This vulnerability (CVE-2026-42656) is a CWE-79 Cross-Site Scripting (XSS) flaw in Wasiliy Strecker's Contest Gallery software, affecting versions up to 28.1.6. It arises from improper neutralization of input during web page generation, allowing an attacker with subscriber-level privileges to inject malicious scripts. The CVSS 3.1 score is 6.5 (medium), reflecting network attack vector, low attack complexity, required privileges at the subscriber level, user interaction needed, and impacts on confidentiality, integrity, and availability at a low level.

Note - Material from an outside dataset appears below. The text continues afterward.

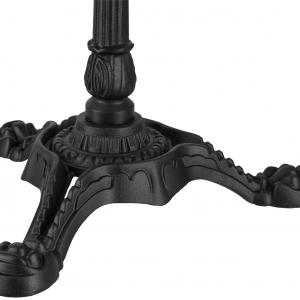 The timeless Vintage table base combines classic café design with robust stability. Made from solid, powder-coated cast iron, it impresses with its durability. Ideal for restaurants, cafés or bistros - this table frame is the perfect choice for anyone who appreciates functionality and timeless charm. Vintage table pedestal - sturdy and easy to clean, ideal for indoor and outdoor use. Designed in Art Nouveau style, the table base fits perfectly into a cosy café ambience. The solid cast iron ensures high stability, while the black powder coating offers additional protection. The frame is suitable for round table tops up to Ø 80 cm or for square table tops up to 80 x 80 cm; the table top should not exceed a maximum net weight of 30 kg. Delivery is disassembled, but assembly is straightforward thanks to the fixing material supplied. Three stabilisers with floor levelling screws also ensure a secure hold, even on uneven floors. Please note: Full stability and stability against tipping is only guaranteed if the table is assembled correctly in combination with the recommended table tops. Advantages & features: * Solid cast iron table frame in black - robust, stable & durable * Retro café house design in Art Nouveau style - perfect for bistros & cafés and restaurants * For indoor & outdoor use: ideal as catering furniture in restaurants, cafés or hotels * Suitable for round table tops up to Ø 80 cm / 80x80 cm * Simple assembly, fixing material included in the scope of delivery

No known exploits are reported in the wild, and no vendor-provided patch or official remediation is currently documented.

Successful exploitation can lead to partial compromise of confidentiality, integrity, and availability of the affected system, potentially allowing execution of malicious scripts in the context of other users. This could result in session hijacking, data manipulation, or denial of service conditions. However, the attack requires subscriber privileges and user interaction, limiting the scope of impact.

Patch status is not yet confirmed — check the vendor advisory for current remediation guidance. Until an official fix is available, consider restricting subscriber input or applying web application firewall (WAF) rules to detect and block malicious script payloads related to this vulnerability. Monitor vendor channels for updates and patches.